Now lean the yard stick up to the rim of the bucket

The mice will walk up the yard stick jump to the can which will spin on the wire dumping them into the water and resetting itself.

Hope that helps


----------



## Fire Bug (Jan 22, 2008)

CTwoodnpelletburner said:
			
		

> I would have to say BS on the mouse relocation program.  You are just making it someone elses problem at that point.  Mice are pests to and in a home.  I too think they are cute and all but I do not want them in my house, crapping in my cookware, tunneling in my insulation and hoarding my cat's food.
> 
> My two cats do a rather amazing job at killing mice - and a few chipmunks which i would prefer they not do as they do not come in the house.  It is just amazing how there are always more mice to take their place.  The biggest problem, as mentioned, is that in making all of these glorious piles of wood we have also constructed some beautiful homes for these mice where they can multiply very quickly.  The woodpile is quite a safe place for them as opposed to the options they have without them.



I agree with controling these rodents and keeping them out of your home and especially your living areas,(cats are a great help in this case), but if you think you are going to eliminated the rodent population by use of snap traps or poision, boy, are you headed down the wrong track.
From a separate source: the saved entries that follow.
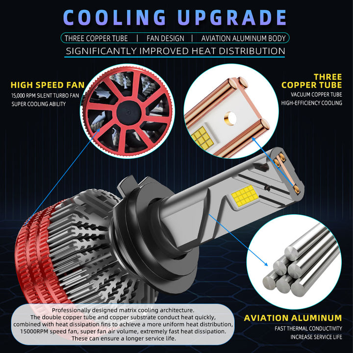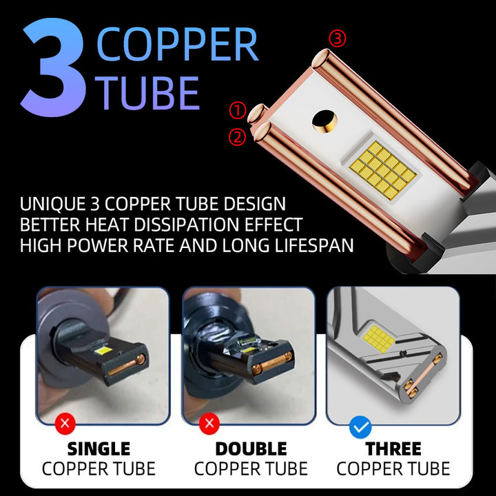 SISTEMA REVOLUCIONÁRIO DE ARREFECIMENTO COM 3 TUBOS DE COBRE: Ao contrário das lâmpadas padrão que usam tubos de calor simples ou duplos, este modelo apresenta um design exclusivo com 3 tubos de cobre para uma condutividade térmica superior. Combinado com um corpo em alumínio aeronáutico e um ventilador turbo silencioso de 15.000 RPM, a arquitetura de arrefecimento em matriz previne eficazmente o sobreaquecimento, garantindo uma saída de alta potência estável e uma vida útil significativamente mais longa.
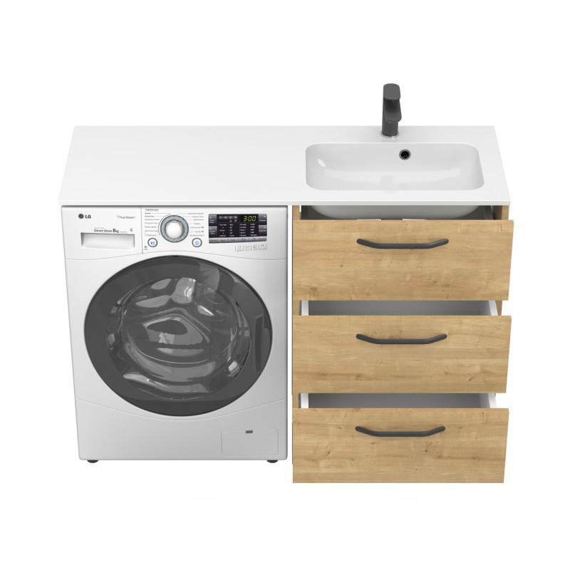 Ширина виробу — 1200 мм робить модель зручною для приміщень різної площі. Спосіб відчинення шухляд у даній моделі тумби - За ручку.
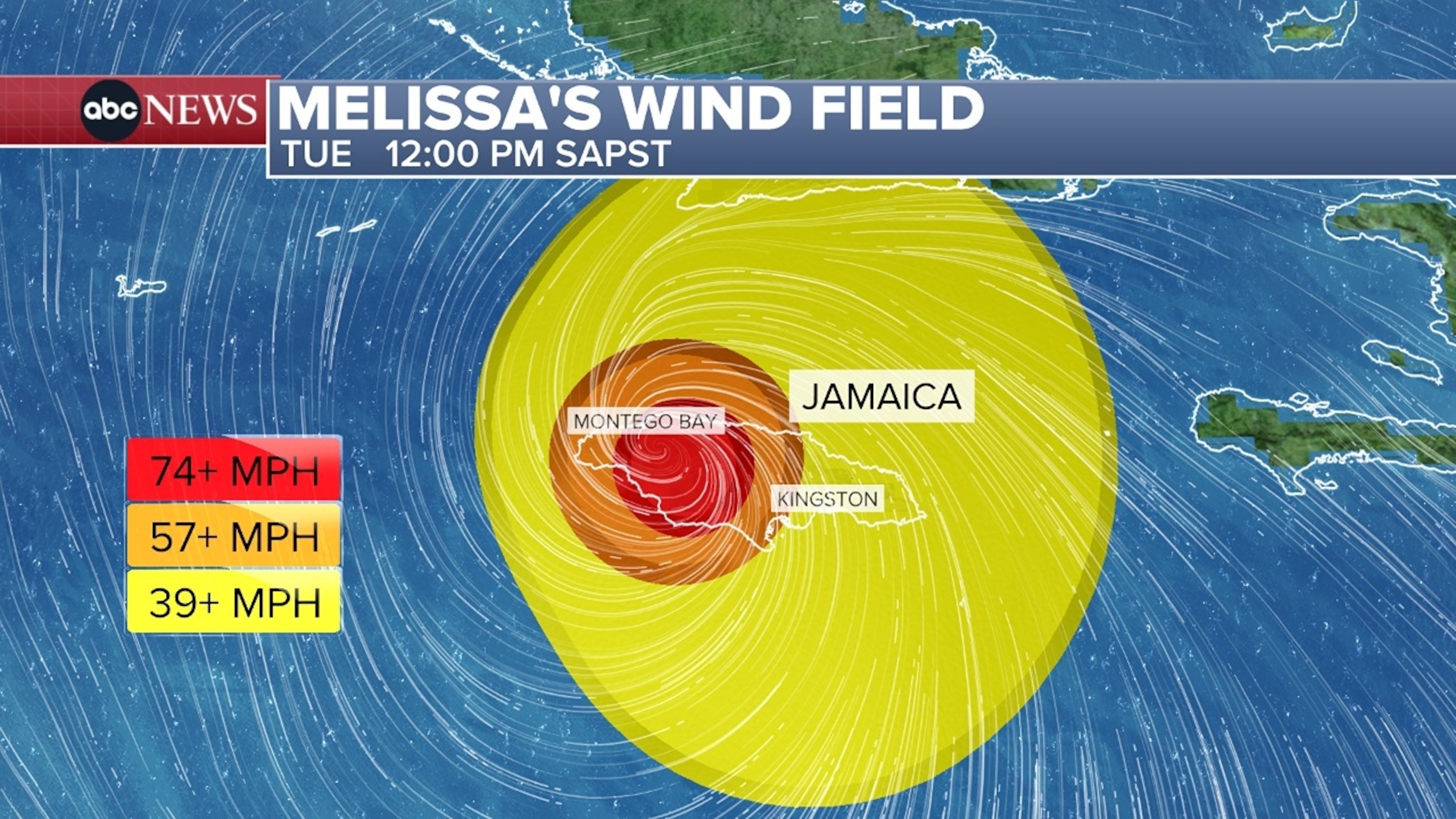Melissa will likely remain at Category 5 strength by the time it makes landfall in Jamaica midday or early afternoon Tuesday. Melissa is set to bring catastrophic winds, rain, flooding and storm surge to Jamaica, where residents and tourists are sheltering in place.

It will never happen!
 The most effective method is to keep them out of the houese, period.
 You must find the points of entry and block them.
John


----------



## Fire Bug (Jan 22, 2008)

velvetfoot said:
			
		

> I had a mouse nest underneath the hood of a car that I use regularly.
> I had no damage, except for some insulation damage, but I've heard they can destroy a car's wiring which can cost thousands.
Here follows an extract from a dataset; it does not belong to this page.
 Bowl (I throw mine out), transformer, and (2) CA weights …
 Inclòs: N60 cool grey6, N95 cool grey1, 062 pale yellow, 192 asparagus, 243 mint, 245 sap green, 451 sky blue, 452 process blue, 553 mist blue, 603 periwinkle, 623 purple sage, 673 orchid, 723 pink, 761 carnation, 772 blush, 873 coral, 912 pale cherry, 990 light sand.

Mothballs, fabric softner sheets, Irish Spring Soap, put in the trunk, under the dash, under the seats, foot wells in the interrior will help keep them out of autos.
John


----------



## Henz (Jan 22, 2008)

My wood is piled on my screen patio outside. Yes, there are mice in it. Doesnt really bother me though.


----------



## HumaneSocietySteve (Jan 23, 2008)

Fire Bug,

By BS I suppose you mean Best Solution. The relocation program really works. I did of course mean that you should relocate the mice to an uninhabited location so they don't become a problem for someone else after you catch them in the Safe Trap. Anytime you can solve a CRITTER problem without the taking of life is always the best solution even if it involves a little inconvenience for us humans. As a Volunteer Animal Cruelty Investigator I can tell you there is enough cruelty and neglect in the world towards animals and for that matter people. If there it is a humane solution to a problem that involves helping nature solve the problem we should take it. Remember if you use this solution to your mice problem always relocate the mice at least a 1/2 mile from your house or they may find their way home.  
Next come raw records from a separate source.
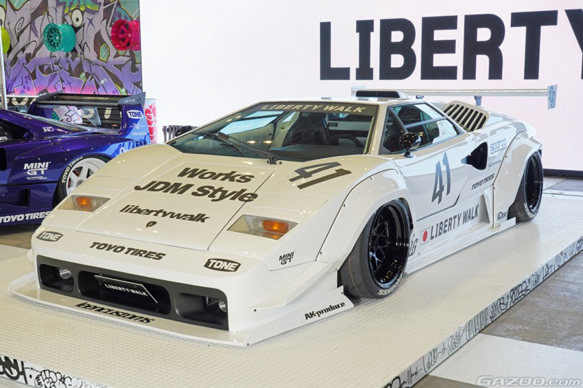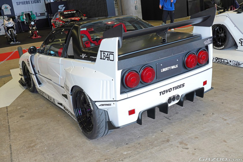 “過走行の激安車”から作り上げられた1台で、リバティー自らが手掛けた『LB-WORKS F40』、つまり本物のフェラーリF40のボディキットをセルフオマージュしたというユニークなコンセプト。
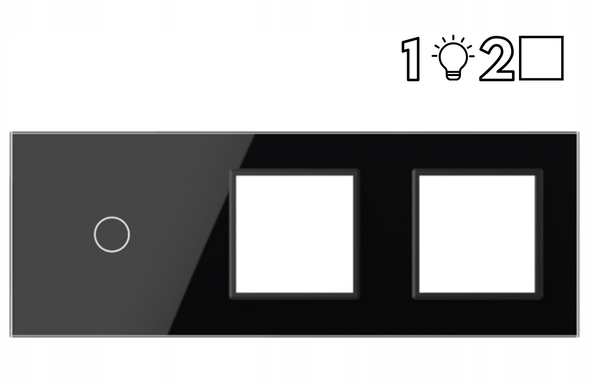 СТЕКЛЯННАЯ ПАНЕЛЬ ДЛЯ СЕНСОРНЫХ МОДУЛЕЙ ДВОЙНАЯ РАМКА 1G+2F РОЗЕТКА ЧЕРНАЯ
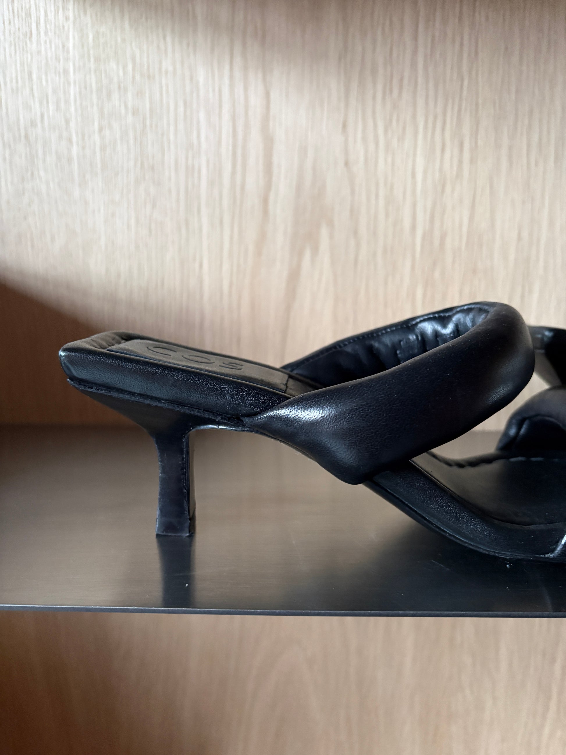 Channel effortless 90's minimalism with these sleek Black Leather Tube Mules from COS. Sculptural and understated, they’re the kind of shoes that instantly elevate any look — from a slip dress to barrel leg jeans. The soft leather finish and clean tubular straps nod to classic design, while the square toe keeps things contemporary.
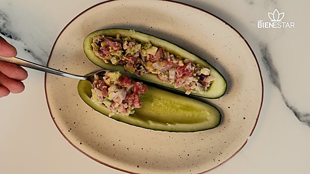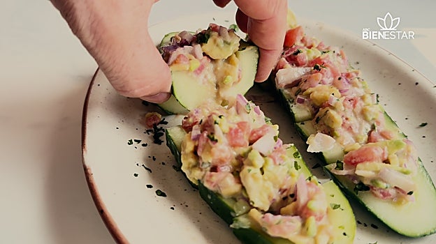 Añadimos a toda la mezcla un buen chorro de limón o de lima, una cucharadita de mayonesa y mezclamos bien. Ajustamos de sal y pimienta y rellenamos nuestros pepinos.
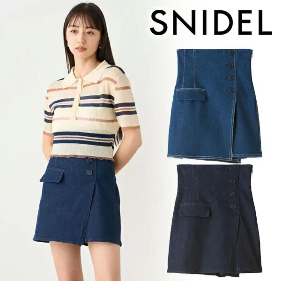 SNIDEL 스나이델 사이드 버튼 데님 스커트 미니 스커트 사이즈 0
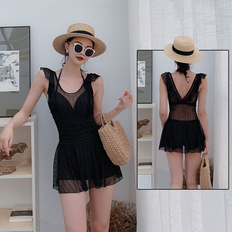 网红风泳衣女遮肚子2023新款时尚韩国ins黑色吊带裙式仙气平角裤

I wholeheartedly agree with the approach to keeping rodents out of the house by finding the points of entry and blocking them. I have done this to my house not to mention the 24 cats that own me are always on patrol. No safe zone for mice in my house. I have also made my property attractive to Black and Corn Snakes and currently there are two 4 foot Black Snakes wintering in my well house. My well house is about 25 feet from my wood shed and my wood shed is on the far end of my property several hundred feet from my house. As I use my firewood during the winter I always find several shedded snake skins. Evidence that they are hard on the job of mice control during the summer. Natures exterminators and they didn't even send me a bill.


----------



## Fire Bug (Jan 23, 2008)

Hi Steve, 
 I would suggest you go back and check my posts to see who mentioned BS, it was a quote I used from CTwoodpeletburner. BS was not used by me but I quoted what CEwoodpeletburners response was.
 I would have to say he didn't use the BS for the phrase Best Solution but rather Bull Sh-t, at least that is how I took it, maybee I am wrong in my interpretation.
 I agree killing of mice, snakes, skunks, or any other type of wild life is truely assanine. Black Snakes are a farmers best friend.
 There is a purpose for each and eveyone of these creatures and they make the wildlife existance complete a full circle. One depends on another. Eliminate one from the circle and soon another will drop out or become extinct.
 We are the intruders in thier world and not the other way around.
 I am sure this response will raise and eyebrow or two but who gives a d-mm!
John


----------



## HumaneSocietySteve (Jan 23, 2008)

Fire Bug (John),

I stand corrected. After closer examination I see it was CTwoodnpelletburner who used the BS (Best Solution) reference. I should have know you were a fellow animal lover with your Avatar of TIGGER.


----------



## colsmith (Jan 23, 2008)

Regarding mouse poison killing birds and cats and so on, only the most minimal googling was needed to find that it is truly a problem.  The first place I looked told me this among other things:

"All rodenticides carry a risk of secondary poisoning, but those with the active ingredient brodifacoum or difethialone pose the greatest risk to raptors. Unfortunately, these ingredients are contained in some of the most popular brands [...]

The EPA recently compiled an exhaustive report titled "Potential Risks of Nine Rodenticides to Birds and Nontarget Mammals: a Comparative Approach".  The conclusions of the report are clear: the active ingredients in the most commonly used rodenticides all can and do kill non-target animals from secondary poisoning."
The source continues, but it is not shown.